Directions for this task: Return the stretch from the line with "Canucks #184 |" through the line with "- リニューアル発売 グラノーラ生地に豆乳を使用することで、甘さひかえめながら飽きのこない味わいを実現させた商品です。" in the data below, character for character, skipping all pictures.

Recorded data:
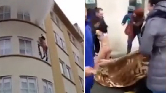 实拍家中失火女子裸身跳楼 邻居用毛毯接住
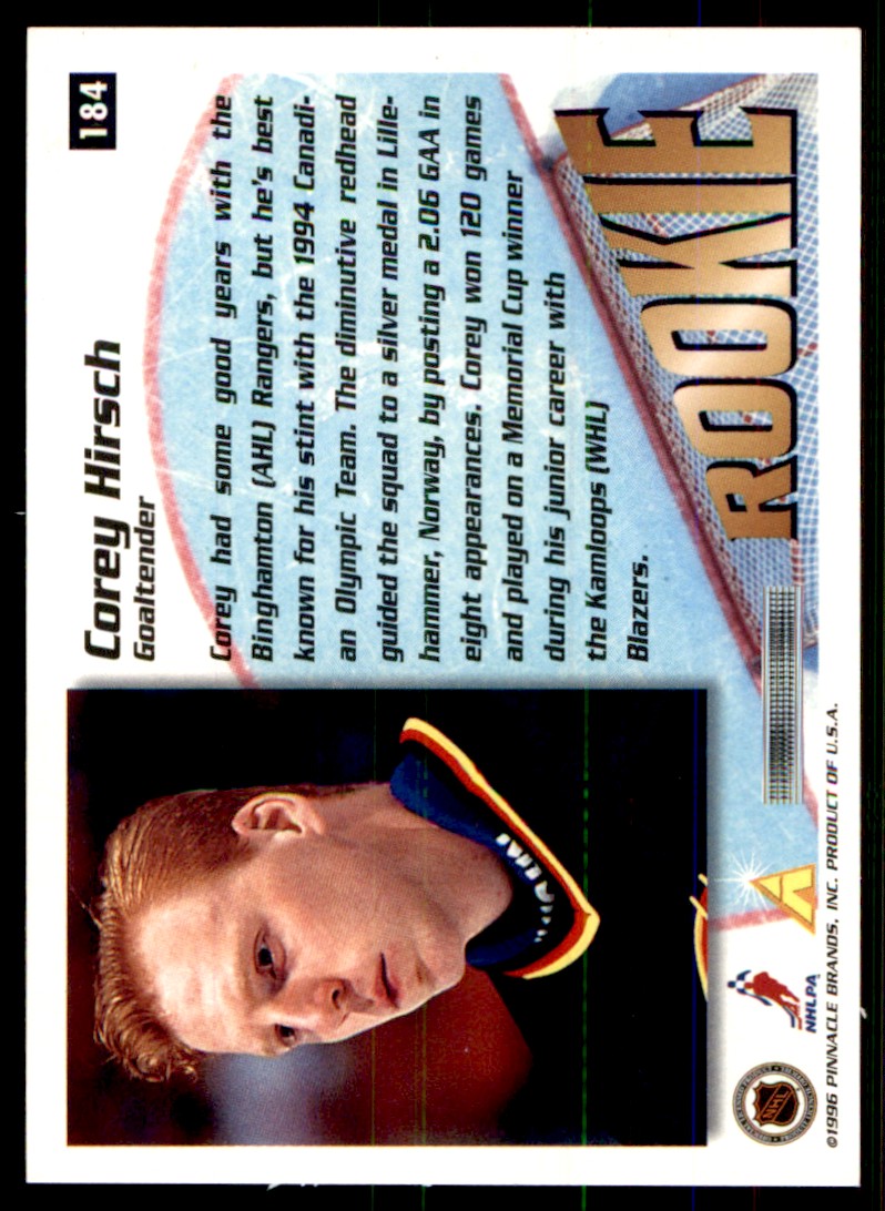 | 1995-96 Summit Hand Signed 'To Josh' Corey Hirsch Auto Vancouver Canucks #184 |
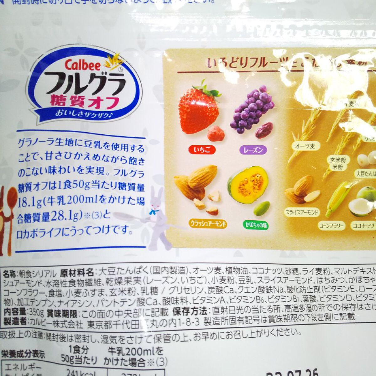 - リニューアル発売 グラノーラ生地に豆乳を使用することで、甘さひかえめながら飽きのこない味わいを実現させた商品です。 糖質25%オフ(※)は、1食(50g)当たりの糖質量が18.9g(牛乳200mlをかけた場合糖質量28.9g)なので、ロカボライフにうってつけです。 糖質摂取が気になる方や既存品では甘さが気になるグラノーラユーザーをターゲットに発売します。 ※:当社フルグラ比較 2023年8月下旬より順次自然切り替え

--

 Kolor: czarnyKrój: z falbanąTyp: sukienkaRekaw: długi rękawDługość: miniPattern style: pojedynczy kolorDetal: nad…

Task response:
 | 1995-96 Summit Hand Signed 'To Josh' Corey Hirsch Auto Vancouver Canucks #184 |
 - リニューアル発売 グラノーラ生地に豆乳を使用することで、甘さひかえめながら飽きのこない味わいを実現させた商品です。 糖質25%オフ(※)は、1食(50g)当たりの糖質量が18.9g(牛乳200mlをかけた場合糖質量28.9g)なので、ロカボライフにうってつけです。 糖質摂取が気になる方や既存品では甘さが気になるグラノーラユーザーをターゲットに発売します。 ※:当社フルグラ比較 2023年8月下旬より順次自然切り替え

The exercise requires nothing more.